In Niedersachsen steigt die Corona-Inzidenz deutlich. Kultusminister Tonne kündigt an, nach den Sommerferien die Corona-Testfrequenz in den Schulen zu erhöhen.

Göttingen/Hannover - In Niedersachsen sind die Corona-Inzidenzzahlen am Donnerstag (22.07.2021) weiter deutlich gestiegen. Nach Angaben des Robert Koch-Instituts (RKI) lag der landesweite Sieben-Tage-Inzidenzwert bei 13,9, nachdem er am Mittwoch bei 12,7 lag. Im Land Bremen stieg er am Donnerstag leicht auf 14,8 Corona-Neuinfektionen auf 100.000 Einwohner binnen sieben Tagen im Vergleich zu Mittwoch (14,1). Der Bundesdurchschnittswert lag am Donnerstag bei 12,2.

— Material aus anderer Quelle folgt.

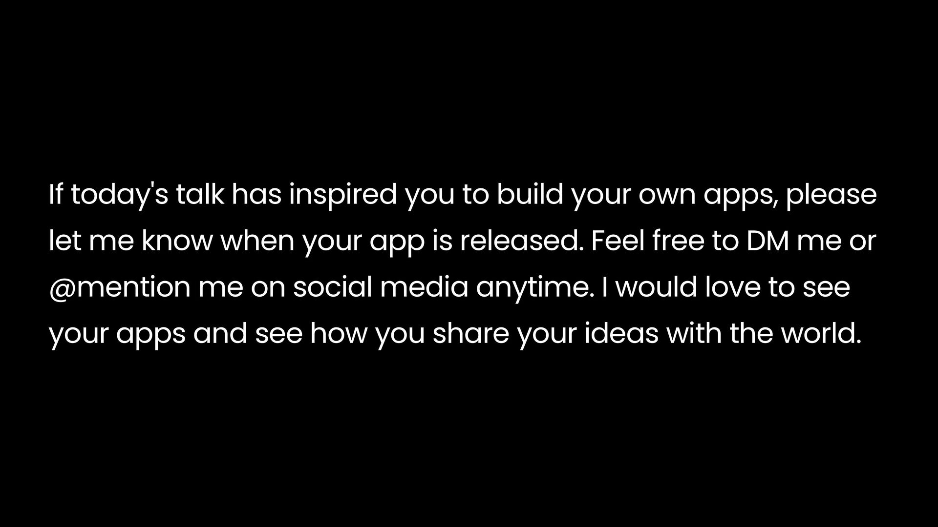 apps, please let me know when your app is released. Feel free to DM me or @mention me on social media anytime. I would love to see your apps and see how you share your ideas with the world.

In Niedersachsen infizierten sich 249 Menschen neu mit dem Coronavirus, die Gesamtzahl seit dem Beginn der Pandemie liegt hier bei 263.136 Fällen. Ein Todesfall kam hinzu, die Zahl stieg damit auf 5806. Im Land Bremen gab es 18 Neuinfektionen bei einer Gesamtzahl von nun 27.680, die Zahl der Todesfälle blieb unverändert bei 492.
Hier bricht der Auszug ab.